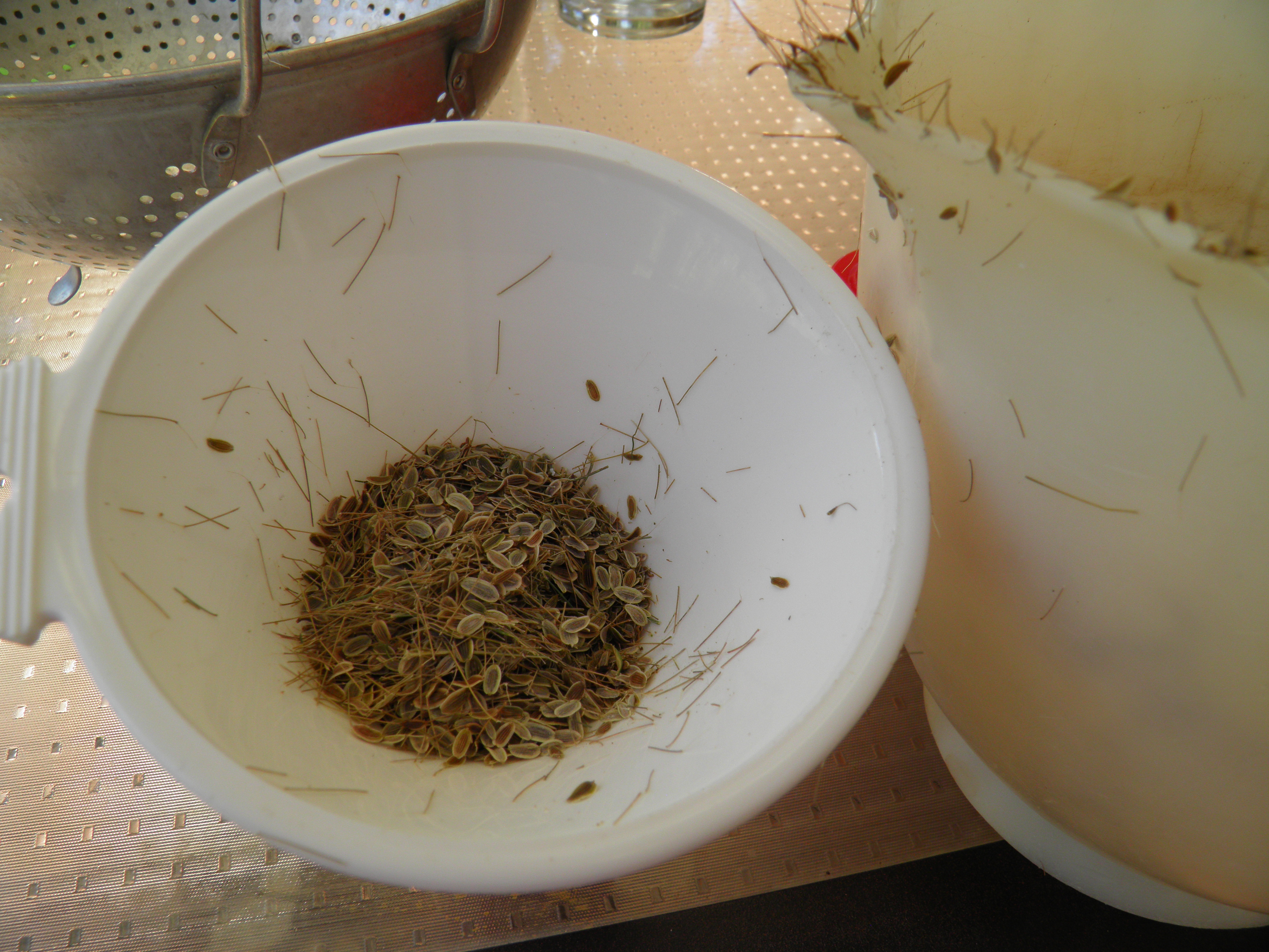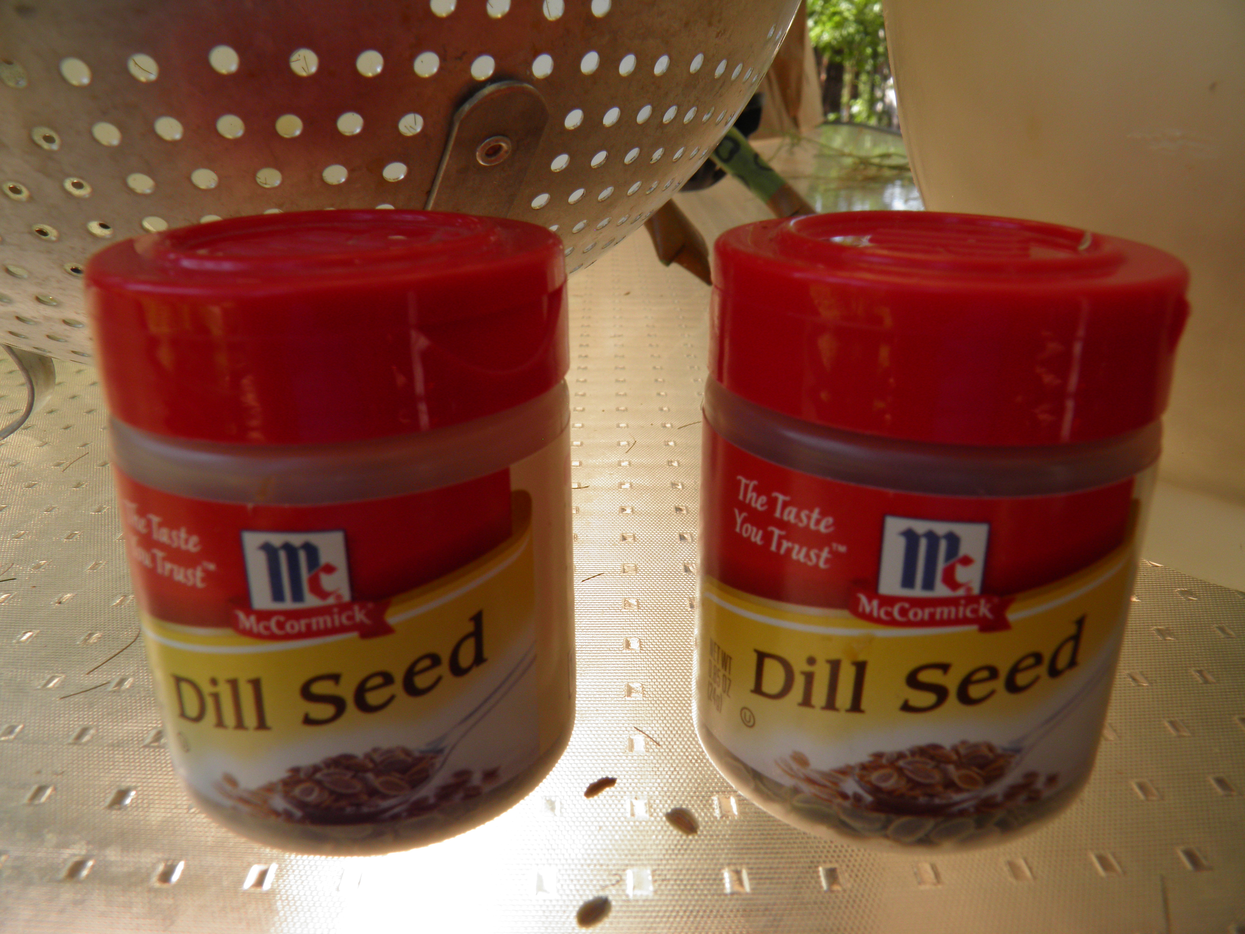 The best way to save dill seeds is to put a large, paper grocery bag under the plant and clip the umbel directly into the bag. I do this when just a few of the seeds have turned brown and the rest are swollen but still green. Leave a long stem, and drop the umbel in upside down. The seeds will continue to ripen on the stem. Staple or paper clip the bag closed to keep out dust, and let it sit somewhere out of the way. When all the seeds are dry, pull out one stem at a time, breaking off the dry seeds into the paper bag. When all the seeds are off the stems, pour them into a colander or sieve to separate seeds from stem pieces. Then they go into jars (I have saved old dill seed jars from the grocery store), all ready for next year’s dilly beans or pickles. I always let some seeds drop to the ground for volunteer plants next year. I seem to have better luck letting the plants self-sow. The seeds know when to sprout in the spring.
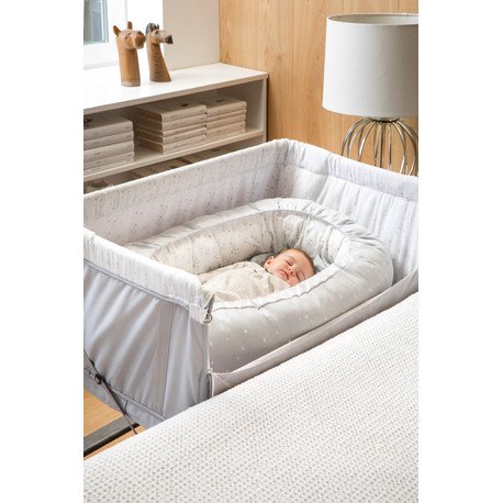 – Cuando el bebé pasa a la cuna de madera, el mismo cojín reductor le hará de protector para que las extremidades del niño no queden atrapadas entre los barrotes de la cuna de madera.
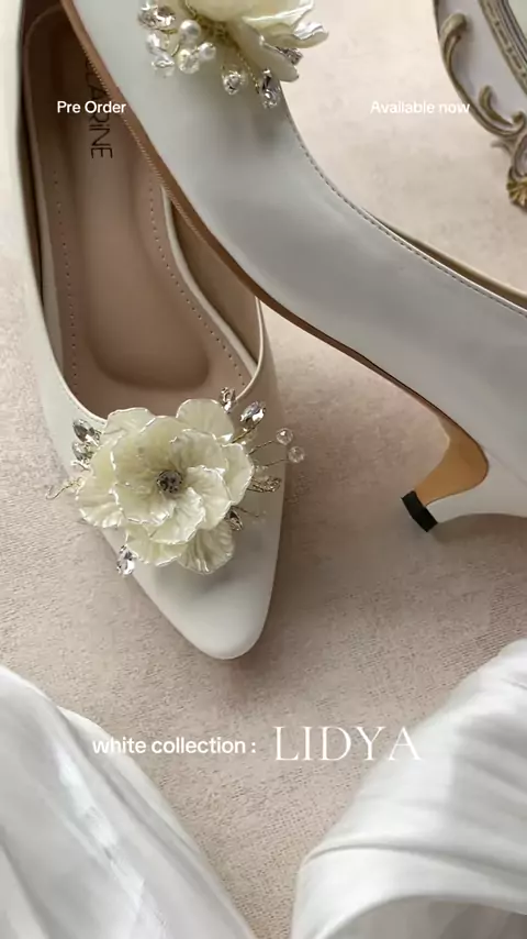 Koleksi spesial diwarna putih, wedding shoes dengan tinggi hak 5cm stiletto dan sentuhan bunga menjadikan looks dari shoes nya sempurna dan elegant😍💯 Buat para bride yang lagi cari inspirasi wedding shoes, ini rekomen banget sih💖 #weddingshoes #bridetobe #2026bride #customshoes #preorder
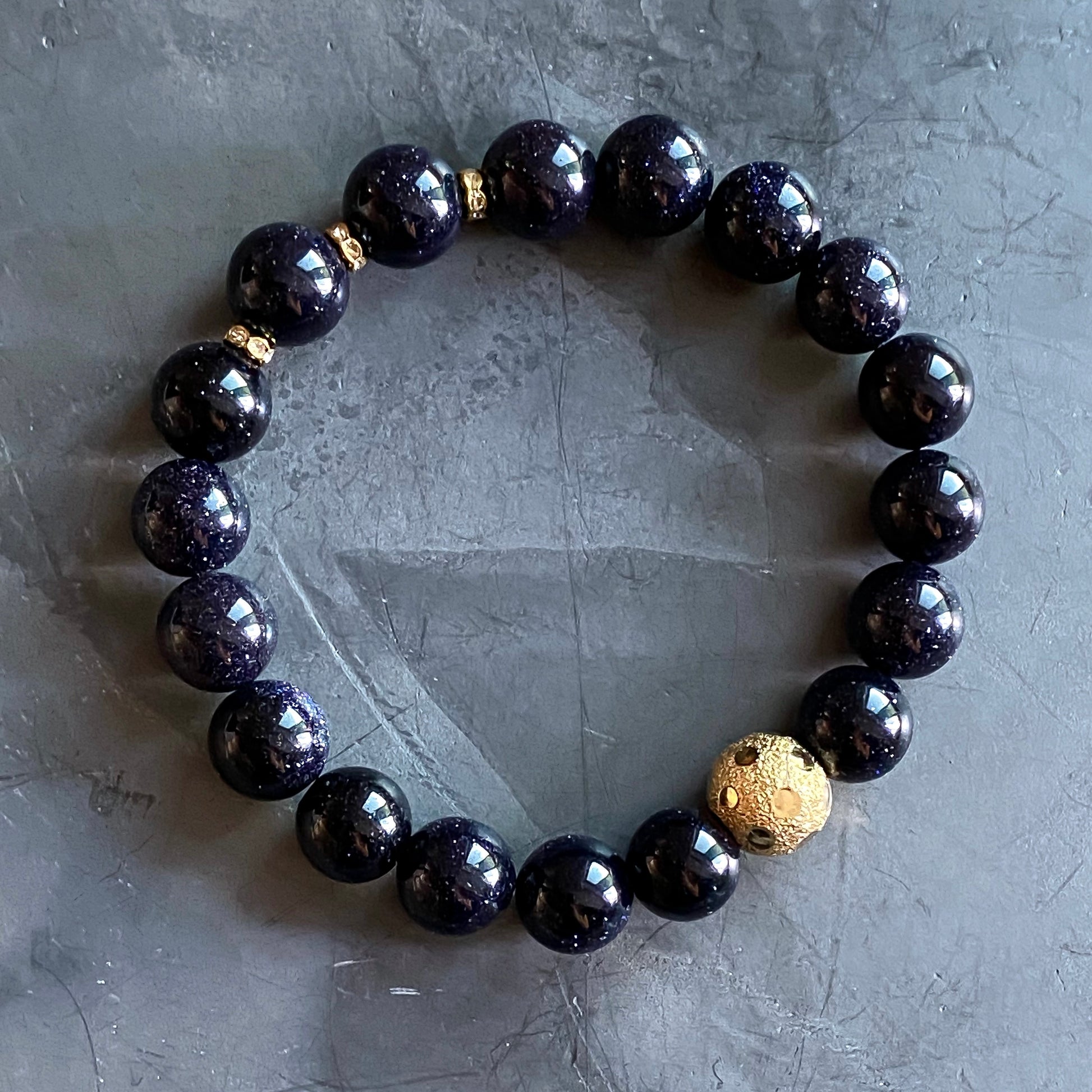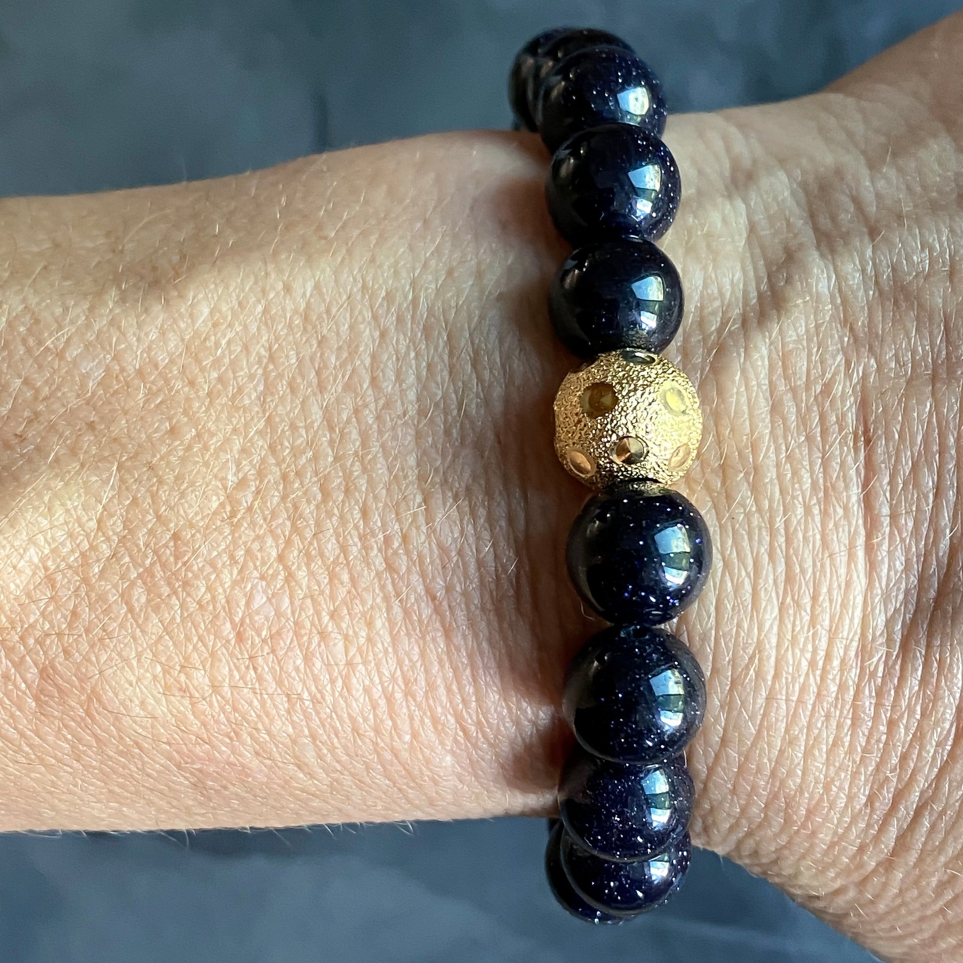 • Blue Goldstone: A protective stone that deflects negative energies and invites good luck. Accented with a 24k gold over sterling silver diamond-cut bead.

######

Keeping pictures out, repeat exactly the lines from the one containing "Koleksi spesial diwarna" through the end of the listing.

COMPLETED TASK –
 Koleksi spesial diwarna putih, wedding shoes dengan tinggi hak 5cm stiletto dan sentuhan bunga menjadikan looks dari shoes nya sempurna dan elegant😍💯 Buat para bride yang lagi cari inspirasi wedding shoes, ini rekomen banget sih💖 #weddingshoes #bridetobe #2026bride #customshoes #preorder
 • Blue Goldstone: A protective stone that deflects negative energies and invites good luck. Accented with a 24k gold over sterling silver diamond-cut bead.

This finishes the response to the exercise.